Much Obliged: Massachusetts Lenders Shouldn’t Have to Lose It Over Lost Notes

17 Min Read By: Kevin M. Hudspeth

IN BRIEF

  • Lenders who purchase mortgage loans after a prior lender loses the note face significant challenges to foreclosing under the commonly accepted practice in Massachusetts.
  • Harmonizing existing Massachusetts Supreme Court precedent with the state UCC may offer a solution.

Like it or not, the real estate market relies on mortgage lenders trading mortgage loans like kids used to trade baseball cards.* And large companies, like kids who traded baseball cards in the days of yore, sometimes lose things. Luckily, the drafters of the Uniform Commercial Code (UCC) understood this, and built in provisions that allow lenders to enforce lost instruments. Unluckily, at least for mortgage lenders trying to foreclose in Massachusetts these days, case law interpreting the version of the UCC adopted by Massachusetts unnecessarily complicates the foreclosure process when it involves a lost mortgage note.

In Zullo v. HMC Assets,[1] the Massachusetts Land Court ruled that a lender who purchased a mortgage note after a prior entity lost the note cannot foreclose by showing that the prior entity assigned the lender its entitlement to enforce the lost note. Since the Zullo opinion, the notion that Massachusetts law imposes a potentially insurmountable hurdle on a lender seeking to foreclose after a prior lender lost the note appears to be taking hold as commonly accepted wisdom.

Yet a closer look at Massachusetts Supreme Court precedent and the state’s UCC shows why courts should reject this commonly accepted wisdom. As discussed below, a mortgage secures the borrower’s obligation to repay the debt, not the lender’s ability to enforce the note serving as evidence of the debt. Accordingly, the Massachusetts statutory power of sale should allow lenders who can prove that they own a lost mortgage note to foreclose even if they cannot show that the UCC would allow them to enforce the lost note.

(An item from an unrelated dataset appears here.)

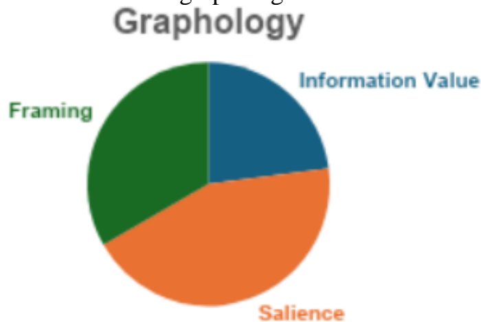
Figure (1): The distribution of graphological resources in the SFA .

Massachusetts’ Foreclosure Process

Under Massachusetts law, “a mortgage and the underlying note can be split”[2]—meaning that different entities can have an interest the mortgage and the note. For example, if a lender purchases a mortgage loan and the seller delivers a properly indorsed note but neglects to assign the mortgage, then the lender holds the note while the seller continues to hold the mortgage. In this situation, “the holder of the mortgage holds the mortgage in trust for the purchaser of the note, who has an equitable right to obtain an assignment of the mortgage.”[3] 

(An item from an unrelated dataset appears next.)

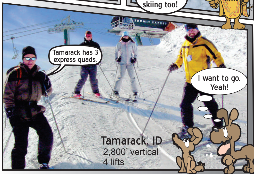
Tamarack, ID 2,800' vertical 4 lifts

Lenders typically foreclose in Massachusetts through the statutory power of sale, which allows mortgagees to auction mortgaged property after giving proper notice if the borrower defaults.[4] The Massachusetts Supreme Court construes the term “mortgagee” in the state’s foreclosure statutes to “refer to the person or entity then holding the mortgage and also either holding the mortgage note or acting on behalf of the note holder.”[5] Importantly, the Court specifically clarified that it used the term “note holder” in the decision “to refer to a person or entity owning the mortgage note.”[6]

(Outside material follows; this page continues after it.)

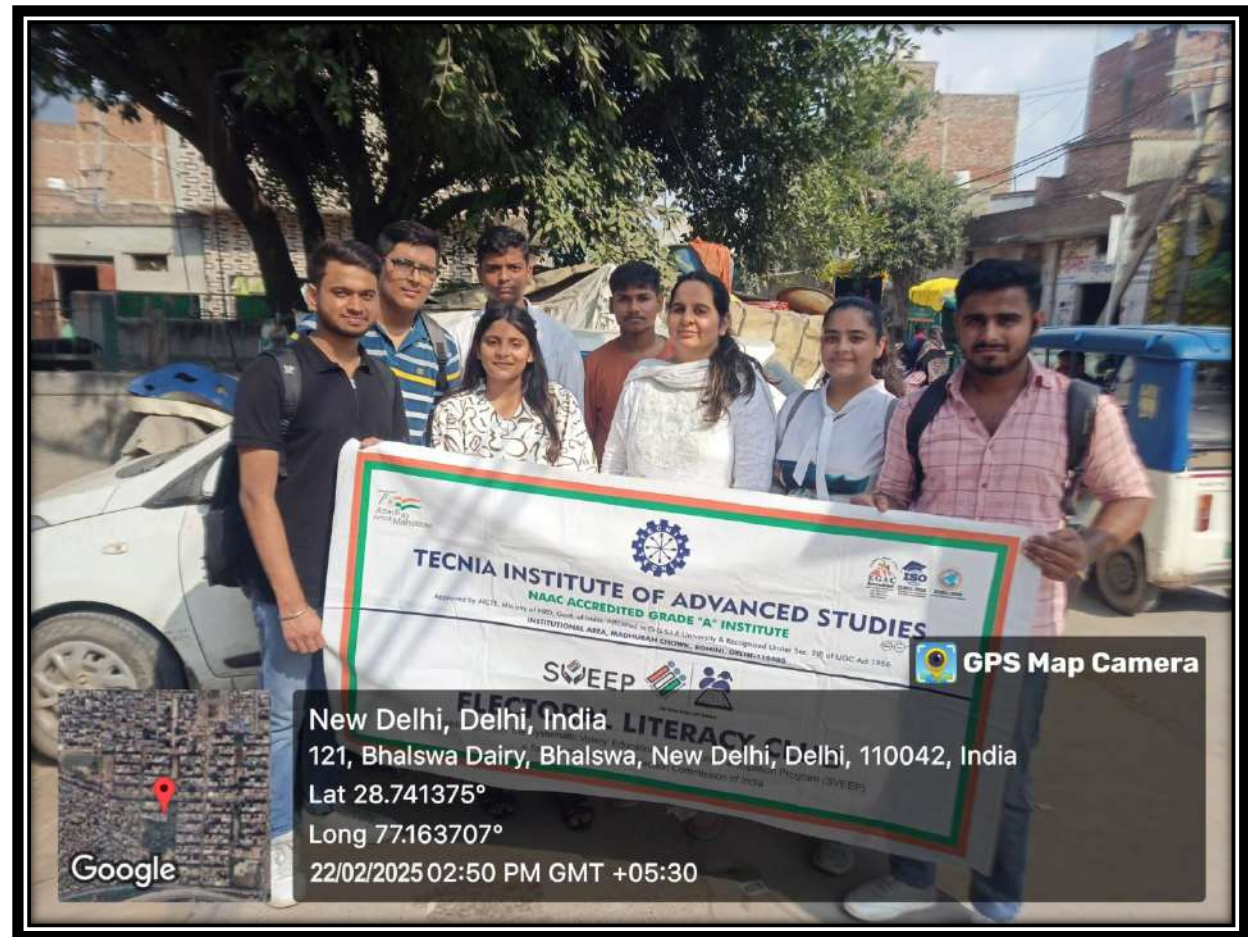
Students while organizing registration drive for Election I card

Report: Description in (min 250 to max 800 words)*

Massachusetts’ Lost Note Requirements

Under Massachusetts’ version of the UCC, mortgage notes typically qualify as negotiable instruments.[7] Accordingly, the “[p]erson entitled to enforce” a mortgage note means “(i) the holder of the instrument, (ii) a nonholder in possession of the instrument who has the rights of a holder, or (iii) a person not in possession of the instrument who is entitled to enforce the instrument pursuant to section 3-309 or subsection (d) of section 3-418.”[8]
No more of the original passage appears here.